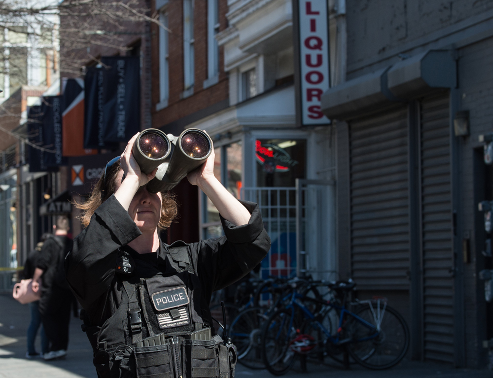 图:一名特工处特工30日在华盛顿检查安全威胁 法新社
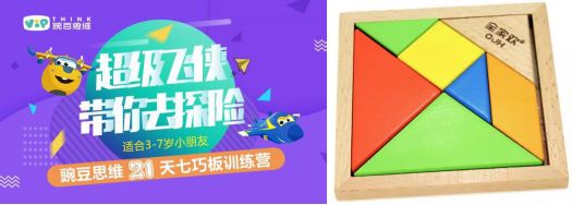 七巧板探險營(yíng)的主題,受眾人群廣,簡(jiǎn)單輕松好玩,很多家庭給孩子買(mǎi)了七巧板,但沒(méi)有玩起來(lái),大家都只是聽(tīng)說(shuō)能拼成1600個(gè)圖案,怎么拼沒(méi)人教不會(huì )玩。很少有專(zhuān)門(mén)講七巧板的系列課程,市場(chǎng)較為空白,產(chǎn)品剛好滿(mǎn)足這部分市場(chǎng)需求。
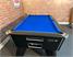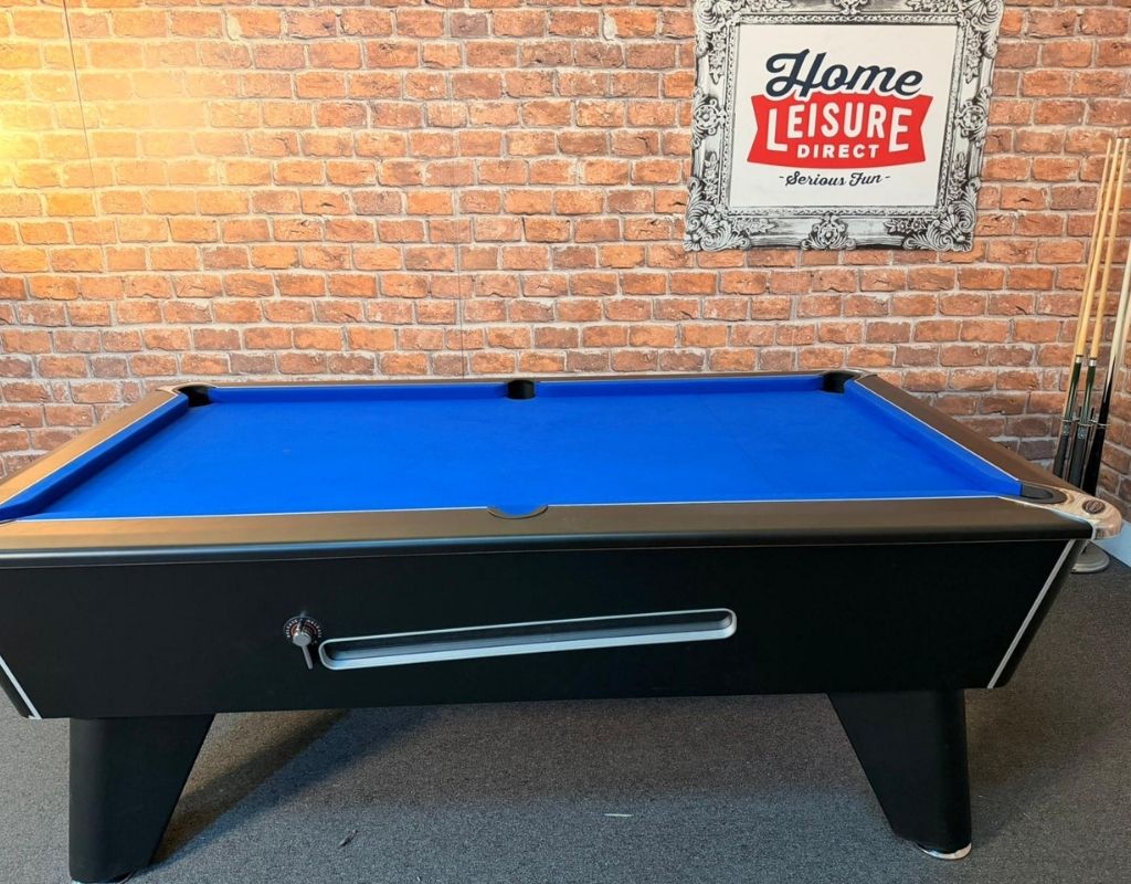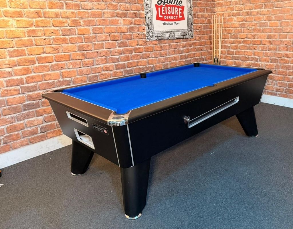 The table is a one-piece slate bed, English pool table which uses Standard reds and yellows balls as standard. Available in 7ft, with a Black finish and fitted with blue cloth.
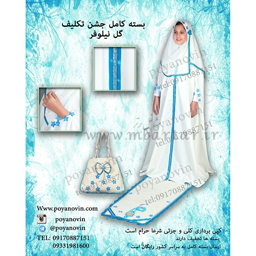 محصولات جشن تکلیف دختران ، شامل :چادر نماز ، جانماز ،کیف ، مهر و تسبیحبسته ها شامل :بسته گل نیلوفربسته گل مریمبسته گل یاسبسته گل بنفشهوبسایت👇 www.poyanovin.comتلگرام👇https://t.me/poyanovin اینستاگرام👇https://www.instagram.com/PoyaNovin
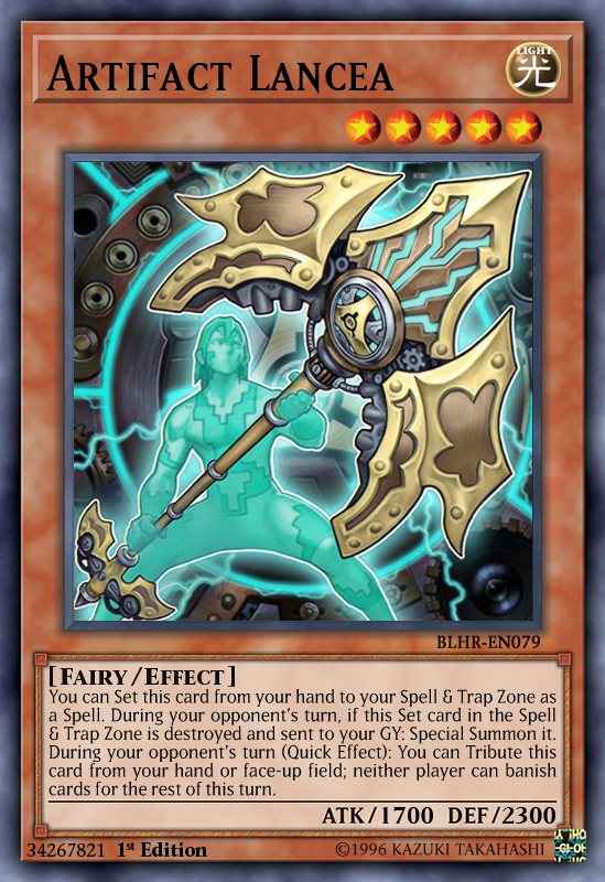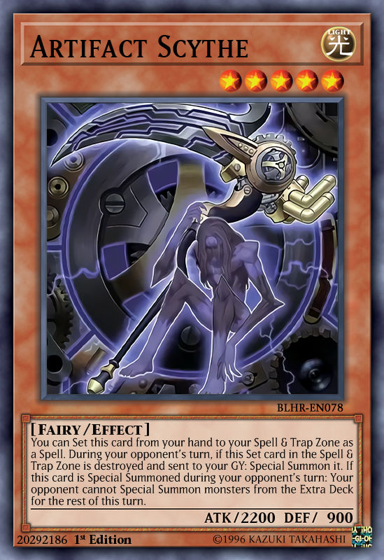 Cùng với Lancea, một Artifact khác cũng được xuất hiện trở lại là Scythe (và Sanctum) nhằm tối ưu hiệu quả của engine này. Khi resolve thành công, khả năng của Scythe cấm đối thủ động vào Extra Deck thậm chí còn mạnh hơn Lancea và shutdown hầu hết các deck trong metagame hiện tại. Điểm trừ duy nhất là việc lỡ rút phải Scythe thì khá khó giải quyết, tuy nhiên vô tình Ryzeal lại có thể xử lý tình huống này với Tornado Dragon biết tự bắn S/T bản thân. Cùng với Sanctum biết gọi thẳng cả Lancea và Scythe, engine Artifact hiện đang được rất nhiều bài thủ tin dùng bởi hiệu quả cao của nó.
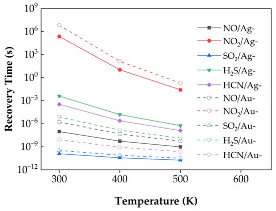 At room temperature (T = 300 K), ≈ 2.585 × 10−2 eV. As seen from the equation, recovery time increases exponentially with adsorption energy. Figure 10 presents the calculated recovery times at 300 K, 400 K, and 500 K without applying external strain. At 300 K, the order of recovery time from shortest to longest is: SO2/Ag–SnSe2, SO2/Au–SnSe2, HCN/Au–SnSe2, NO/Ag–SnSe2, NO/Au–SnSe2, H2S/Au–SnSe2, HCN/Ag–SnSe2, H2S/Ag–SnSe2, NO2/Ag–SnSe2, and NO2/Au–SnSe2.
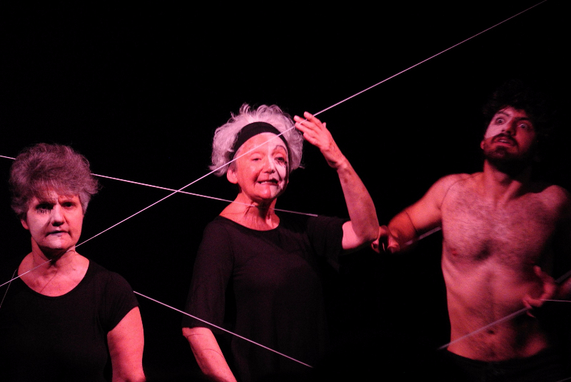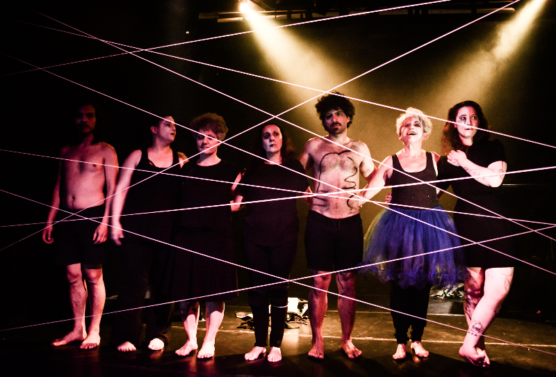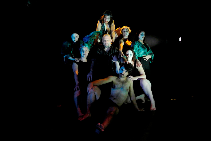 Una obra coral, performática, audaz y semiótica. Una pieza teatral que se funde en un abundante trabajo físico con una multiplicidad de máscaras que mutan entre penumbras.
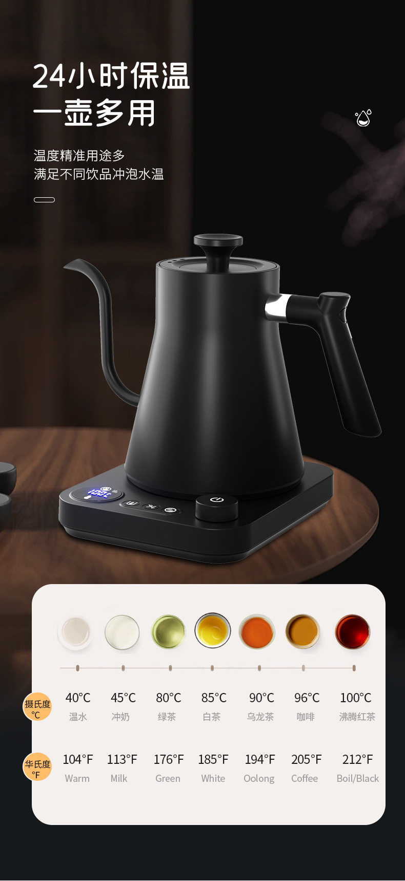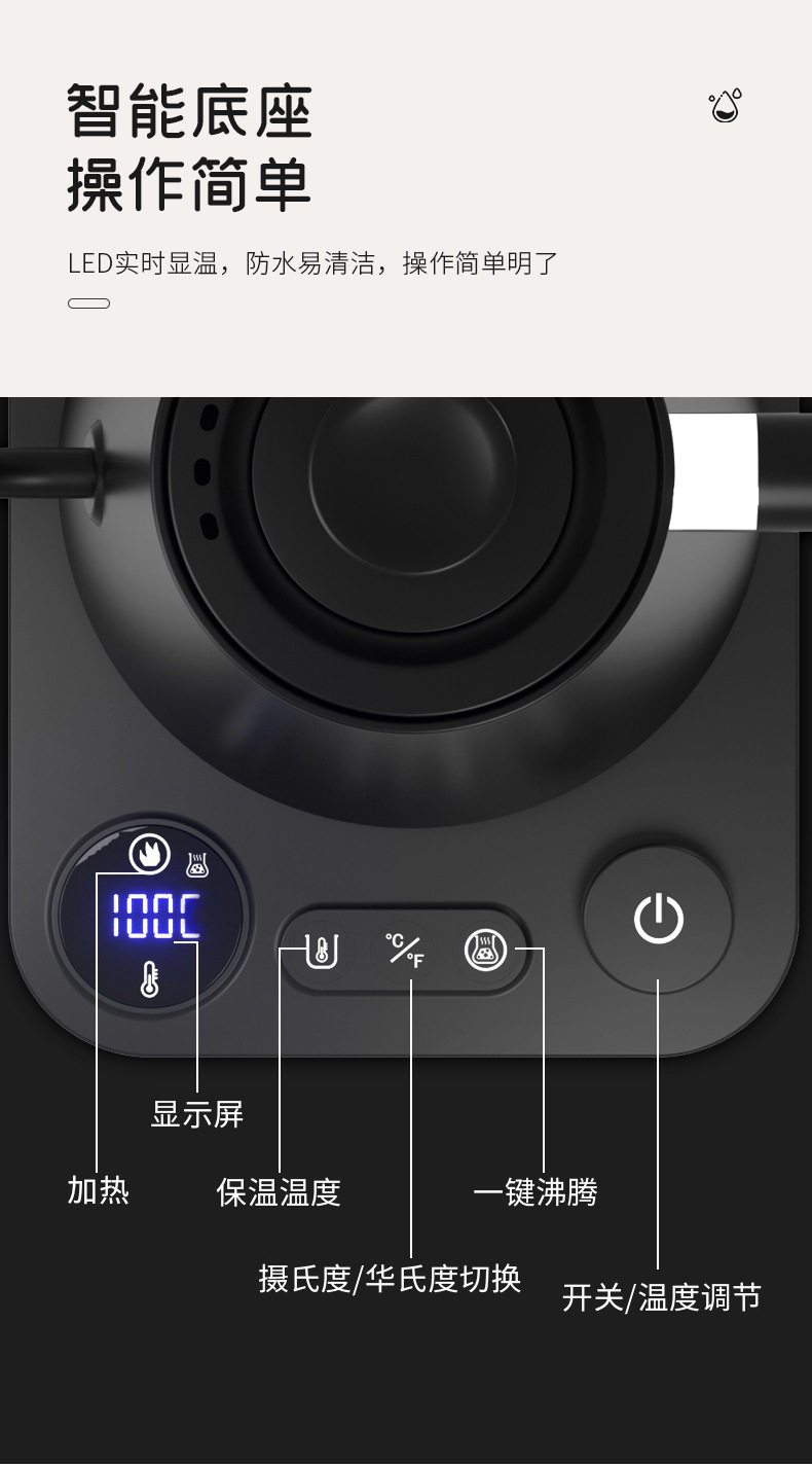 Gooseneck Kettle Cross-border Intelligent Constant Temperature Electric Water Kettle Hand Brewing Pot Coffee Pot Gooseneck Pot New 2024
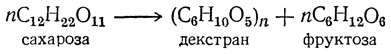 Декстран — высшая полиоза, образующаяся из сахарозы под влиянием Leuconostoc mesenteroides и некоторых других микроорганизмов при отщеплении фруктозы и соединении остатков глюкозы в полигликозидные цепи:

◆ THE PROBLEM
Give again, exactly, the lines from the start of the data through the one holding "The table is"; omit the pictures.

◆ PROBLEM SOLUTION
 图:一名特工处特工30日在华盛顿检查安全威胁 法新社
 七巧板探險營(yíng)的主題,受眾人群廣,簡(jiǎn)單輕松好玩,很多家庭給孩子買(mǎi)了七巧板,但沒(méi)有玩起來(lái),大家都只是聽(tīng)說(shuō)能拼成1600個(gè)圖案,怎么拼沒(méi)人教不會(huì )玩。很少有專(zhuān)門(mén)講七巧板的系列課程,市場(chǎng)較為空白,產(chǎn)品剛好滿(mǎn)足這部分市場(chǎng)需求。
 The table is a one-piece slate bed, English pool table which uses Standard reds and yellows balls as standard. Available in 7ft, with a Black finish and fitted with blue cloth.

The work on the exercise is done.